# Carrots and Sweet Potatoes



## Howard Gaines III (Dec 26, 2007)

Any issues with giving these things raw?


----------



## Carol Boche (May 13, 2007)

Carrots won't really be digested if given raw. Not sure about sweet potatoes. 

I give sweet potatoes as a "treat" in meals once in a while due to the sugars. I boil them until they are just soft. 

Carrots I boil and them put in a food processor with all kinds of other stuff to make a veggie type goo.


----------



## leslie cassian (Jun 3, 2007)

I cook sweet potatoes and carrots and give them to the dogs, but I'll also toss them a chunk of raw carrot any time I'm cutting one up. Then don't really seem to digest well, but the dogs like crunching on them.

When I worked at a stable, we got horse carrots delivered sometimes. My dog used to help herself to whole carrots from the bags in the aisle. Never seemed to do her any harm.


----------



## Carol Boche (May 13, 2007)

Forgot to add that frozen whole carrots are great for teething puppies too......makes a mess, so they are given outside or in a crate....


----------



## Carolyn Herle (Dec 29, 2009)

Howard Gaines III said:


> Any issues with giving these things raw?


If you want the dog to get any nutritional value, the carrots and sweet potatoes would either have to be ground raw or cooked. For a chew treat, there is no issue with giving a dog a whole carrot or sweet potato that I know of. I prefer yams to sweet potaoe.


----------



## Carol Boche (May 13, 2007)

Carolyn Herle said:


> If you want the dog to get any nutritional value, the carrots and sweet potatoes would either have to be ground raw or cooked. For a chew treat, there is no issue with giving a dog a whole carrot or sweet potato that I know of. I prefer yams to sweet potaoe.

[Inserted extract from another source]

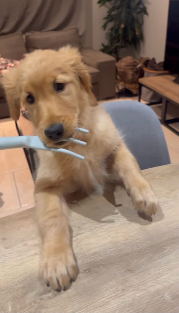 子犬のズコは、テーブルの上から飼い主さんのヘッドマッサージャーを取ることに成功。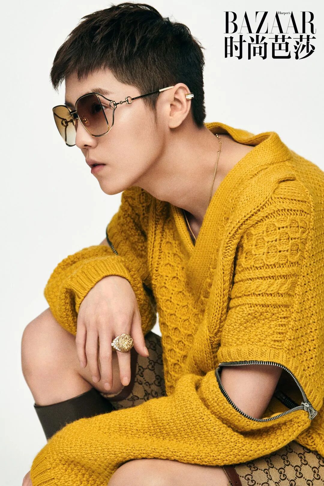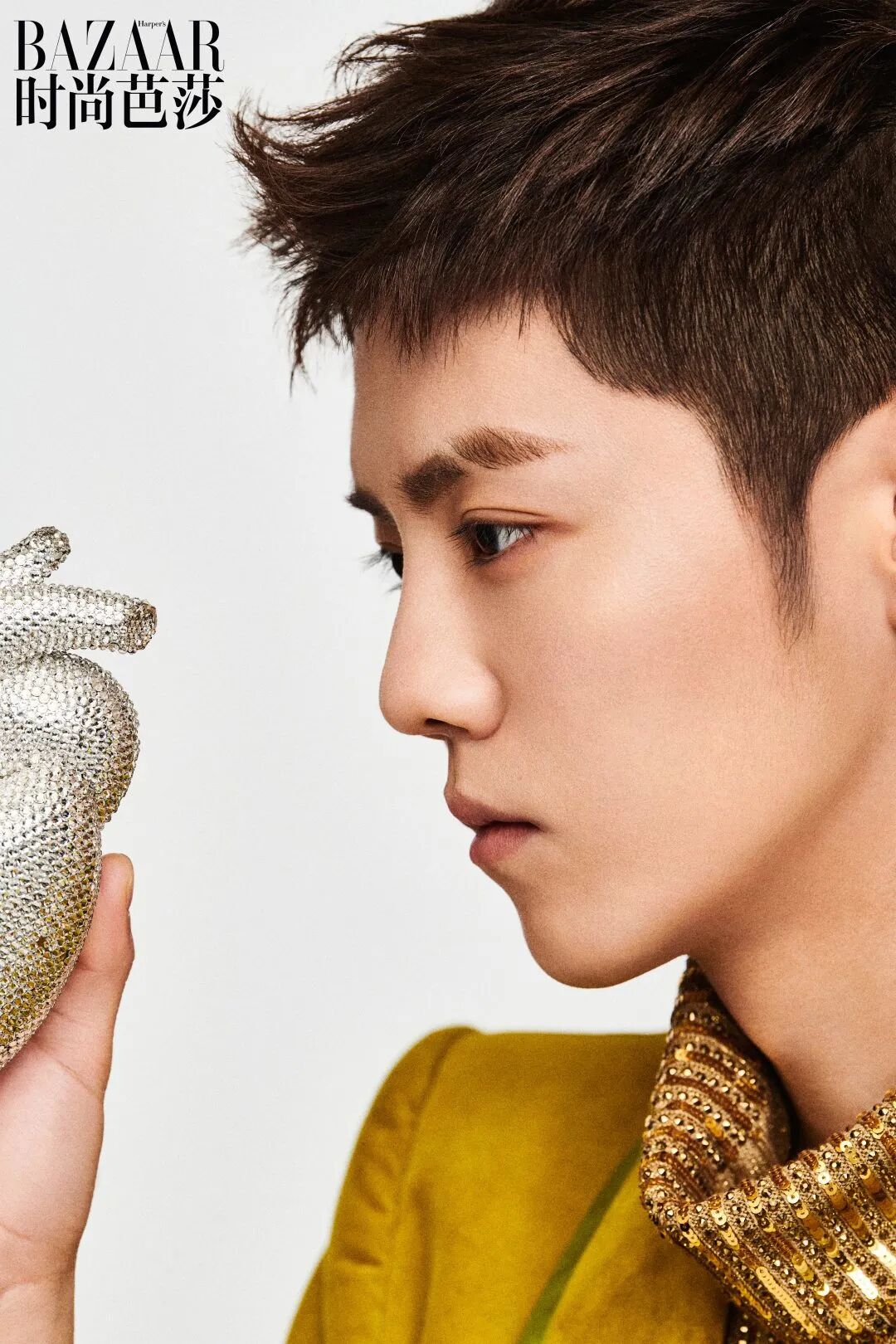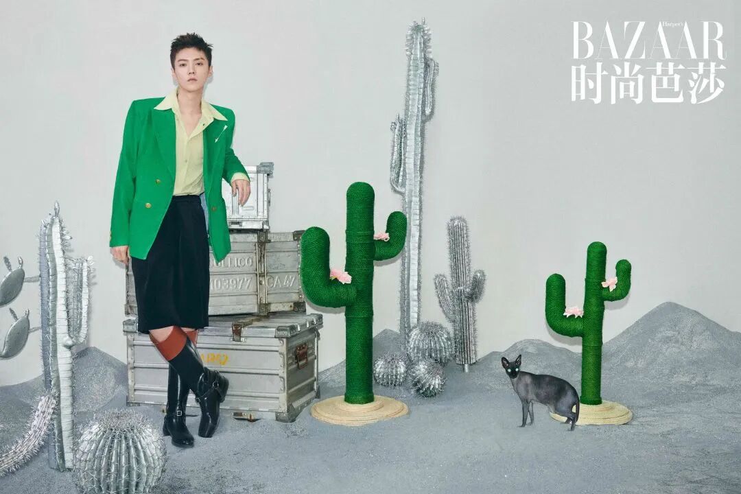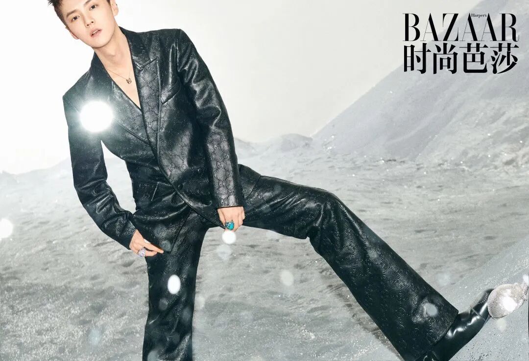 《时尚芭莎》另一位封面人物是鹿晗,他身着一系列 GUCCI 服装,以短发断眉造型拍摄怼脸照,记录下帅气的一面,大家可以顺便来跟鹿老师学色彩穿搭了!

I find that even grinding raw carrot up, it comes out the way it went in, so there is no real nutritional values, maybe ranks as more of a filler (like corn in kibble). 

So if looking for a "treat" then yes, give raw. If looking to add to a meal, then cook.


----------



## Connie Sutherland (Mar 27, 2006)

Carol Boche said:


> I find that even grinding raw carrot up, it comes out the way it went in, so there is no real nutritional values, maybe ranks as more of a filler (like corn in kibble).


This is true. The dog doesn't naturally produce sufficient enzymes of the right kind to process that kind of hard root vegetable (along with many above-ground vegetables that have hard cell walls stiffened with cellulose, hemicellulose, and lignin) or even have the loooong convoluted system that we have (allowing several times the number of hours that a dog's allows for processing). Grating raw root vegetables isn't enough.

I could demonstrate this with dog poop, but I suspect we could all find this evidence if we tried. :lol:


----------



## Debbie Skinner (Sep 11, 2008)

I haven't had any of my dogs want to eat raw carrots by choice. Neighbors toss carrots to the horses in the field once in a while and the dogs never eat them. Maybe they think it's not worth the risk of a taking a hoof. Rarely do they eat the road apples either. When I fed kibble they were more into eating other things. I haven't tried sweet potatoes or yams. But, have always toss the skins and leftovers to the chickens. Friends say their dogs eat the livestock feed and pellets, but haven't had a problem with that.


----------



## Carol Boche (May 13, 2007)

I believe I read somewhere that potato skins are not good for dogs.....and I never kept the link...I will see if I can find it again on the net......

Edit..here is what I found by googling Potato Skins and Dogs (quite a bit comes up actually)

*Potato Sprouts and Green Potato Skins can poison both dogs and people. Solanum alkaloids can be found in green sprouts and green potato skins, which occurs when the tubers are exposed to sunlight during growth or after harvest. The relatively rare occurrence of actual poisoning is due to several factors: solanine is poorly absorbed; it is mostly hydrolyzed into less toxic solanidinel; and the metabolites are quickly eliminated. Note that cooked, mashed potatoes are fine for dogs, actually quite nutritious and digestible.*


----------



## Gillian Schuler (Apr 12, 2008)

Carrots need to be cooked and have oil / butter added to them to be good for anyone, dogs or humans (so I've heard)

The only dogs that I know that would eat a raw carrot tossed to them are Cocker Spaniels but then they'd eat anything. They are the greediest dogs out in my opinion.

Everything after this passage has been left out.